Tuesday, February 6, 2007

One Of The Smartest Things I've Read About the Iraq War

Check out this posting today at Talking Points Memo. Josh Marshall is asking people to read an oped in the New York Times (one which I have not read, so I am not commenting on it) that, he says, argues the position that the US needs to change the mission in Iraq, and move back to the periphery of the country. Our military could guard borders to keep foreign fighters from entering the country, but they would stay out of policing the Sunni/Shia civil war. Our numbers could be drastically reduced inside Iraq, and then the government of Iraq will have to be responsible for controlling the escalating violence inside their country. But Marshall makes the following comment in favor of this or just leaving entirely (I am basically in agreement with him):

But getting our policy in order is also being stymied because the political opponents of the war aren't willing to say that, yes, the policy has failed. Not 'defeated'. To be 'defeated' you need to have some other party 'defeat' you. This is just a failure. But whichever it is, that bogey is being used by the White House to scare off the opposition. It's a failure. There's no recovering it. And the unspeakable reality -- truly unspeakable, apparently -- is that it's not that bad. Horrible for the Iraqis. Horrible for the American dead. Terrible for American prestige, power and honor. All that.
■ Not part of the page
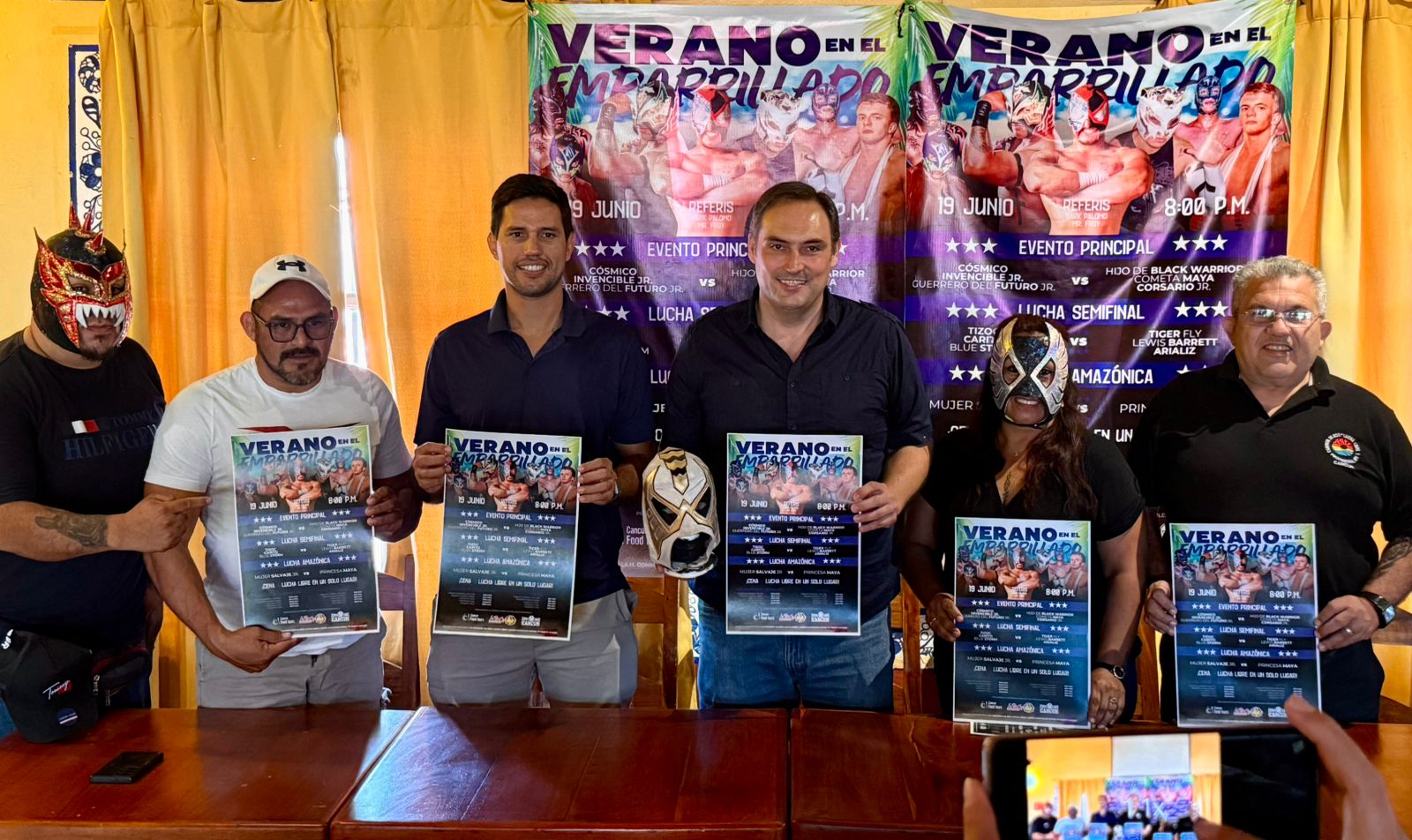 Debido a ello la tarde de este martes, se llevó a cabo la rueda de prensa para presentar dicha función, y en la que estuvieron presentes Amador Gutiérrez Guigui, responsable de la promotora Lucha Libre Cancún (LLC); acompañado por Luis García, director de Cancún Food Tours, además de Florentino López, titular de la Honorable Comisión de Box, Lucha Libre y Artes Marciales Mixtas del municipio de Benito Juárez, al igual que el ex luchador Armando “Taurus” Góngora y algunos exponentes locales del pancracio que estarán en la cartelera.

But not the end of the world. The future of our civilization isn't at stake. And our physical safety isn't at stake. We'll go on. We are not the brave British standing behind Winston Churchill bucking us up with the confidence that "We shall defend our island whatever the cost may be; we shall fight on beaches, landing grounds, in fields, in streets and on the hills. We shall never surrender ..." Those aren't the stakes here. Put it in those words and it's almost comical. President Bush wants us to believe that it is because it serves his grandiosity and direct political interests to believe that, to believe that his political interests -- where everything, history, legacy, etc. is on the line -- are the same as ours as a country. They're not.

1 comment:

J. Marquis said...

Howard, you make a good point. This was never a war that could be "won" in the classic sense.
I'm for any decision that pulls our troops out of the Sunni-Shia crossfire.